FFRF awarded Taylor $500 for her essay.
When I was 5, my mother tells me, I dispelled the myth of Santa on my own. It just doesn’t add up, I explained to her. The whole square peg-round hole chimney thing, the Santa-can-be-in-two-places-at-once deal, flying reindeer and his status as a caroler-frightening, telepathic voyeur just didn’t sit right.
And I mean, I wasn’t a physicist, but what I had observed in a short five years told me that this was all physically impossible. I was a skeptic at 5.
My mother tried to reassure me, most likely because she didn’t want to ruin the excitement of a strange man leaving surprises in my house. It wasn’t until the next year that she confirmed my suspicions. When I finally got my first-grade class huddled around me at recess, I laid it out for them very simply: Santa isn’t real. As you can imagine, they all took it pretty hard. One girl started crying hysterically, so to console her I said I was joking.
Religion was betraying me, so I walked out on it.
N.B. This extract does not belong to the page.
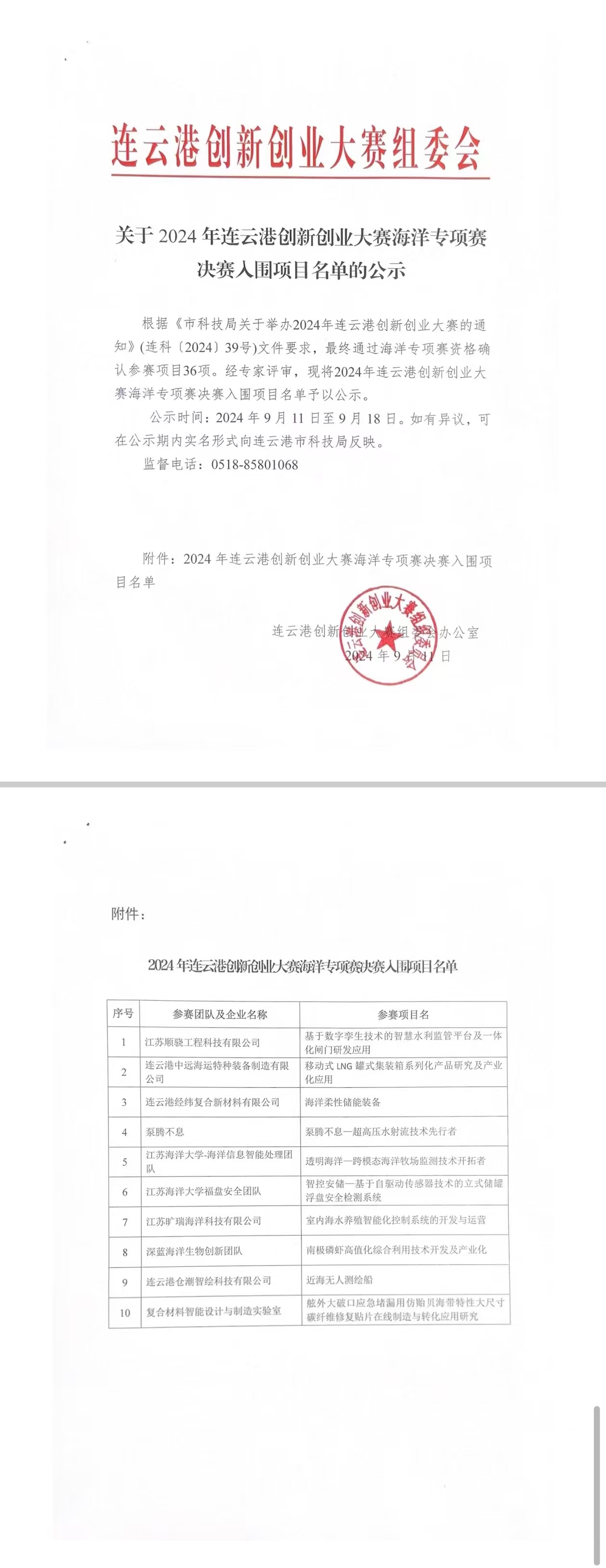 关于2024年连云港创新创业大赛海洋专项赛决赛入围项目名单的公示

Seven years later in a church basement surrounded by confirmation candidates, the priest asked for anyone who didn’t believe in God to raise their hand. Looking around, it seemed I was the only one in my whole CCD class who wasn’t eating what he was serving. But remembering The Santa Incident, I sat on my hands, thinking that Father Tim might throw up or that the nuns would riot.
My Catholic indoctrination started about the time I was dissing Santa and, despite my earlier cynicism, I welcomed it with surprisingly open ears as most impressionable children do. Let me tell you, I was lovin’ me some Catholicism. I listened intently, I prayed and even wanted to be a saint like the ones I was reading about, especially the martyrs.
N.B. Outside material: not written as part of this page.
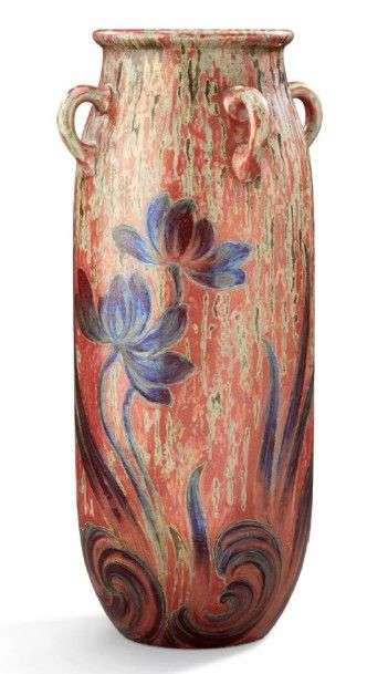 Grand vase tubulaire à anses en faïence émaillée irisée rouge à motifs floraux mauves.

But I lost it somewhere between lectures suggesting that women are inferior to men and that homosexuality is wrong. I was a young lady of 13 with aspirations for a career as a doctor or an author. I was even the only girl at school who played the drums and played them better than most of the boys. I was equal, and there was no way I was going to be a toilet-scrubbing baby factory.
I’d been exposed to unconventional lifestyles by then. My father was a “house husband,” while my mom won the bread. A couple of my family members are gay. I’ve never thought it anything but natural and normal that other families were different from my own. Religion was betraying me, so I walked out on it promptly and with hard feelings. It lied to me (how could you!) about everything, including the existence of god.
I first reasoned how it was impossible for god to exist by taking an historical approach, which made it easy to see gods, and then god, as a human construct. I let myself out of the “cave,” as Plato might say. Thus began my atheism.
A woman of action
Now, with religion out of the way, I’m a woman of action and certainly not a couch potato. I’m making up for all the hours spent hunched over in a pew and for all the dollars I dropped into collection baskets. One of my main beefs with religion is the encouragement of nonaction, via prayer and meditation, mistaking it for action. When disaster strikes, a spiritual individual will spend minutes and hours over a lifespan kneeling with their eyes closed, speaking to themselves.
The believer reflects on the issue they wish to ameliorate by repeating an instilled chant. By doing so, they become one step closer to acquiring arthritic knees and nothing more. This is not to say that reflective thought is destructive or nonconstructive. It is prayer that is not productive. The “pray-er” is not devising a plan to physically assuage whatever is distressing them or society at the time. They are just thinking about it.
The difference between secular reflection and prayer is that nonbelievers understand that thought, though an effective and appropriate prelude to action, isn’t action. This is not to say that believers are never productive, because they can be. There’s just one major interference — their belief that nonaction yields consequence. Progress requires doing, because good intentions are not enough. Ironically, believers (particularly Christians) hop to their feet without hesitation to advocate for legislation that makes life complicated for certain groups (cough-women, cough-gay people, cough).
But the main impediment to pro-gress is the whole heaven and hell thing. We get one life to live, and the afterlife is a major distraction to living it. “Life might suck now but no worries, pray a bunch and you will be rewarded in the afterlife.”
No, if people do not take steps to better their lives, it will always suck. Besides, if you believe in heaven, then you also believe in its stifling counterpart. Therefore, access to the VIP after-party is a total coin toss. So where’s the motivation, people? If everyone understood how brief the human experience is, there might be fewer drones and more progress.
Fully aware of the true time I have, I take advantage of every opportunity that comes my way. I spend time outdoors, read avidly and travel. I know how much there is to experience in so little time, so I advocate for complete equality so that no one’s access to any part of the human experience is infringed upon.
I’ve gotten over The Santa Incident for humanity’s sake. I will have a voice because the crying doesn’t bother me anymore. Religion is an obstacle to the complete and proactive life. I am an atheist, not a couch potato.
Taylor McGill, 20, was born in Flemington, N.J., and is a junior at Rutgers University in New Brunswick. She’s majoring in English with a concentration in creative writing and is minoring in philosophy. Her interests include writing, poetry, music, film, philosophy and human rights issues.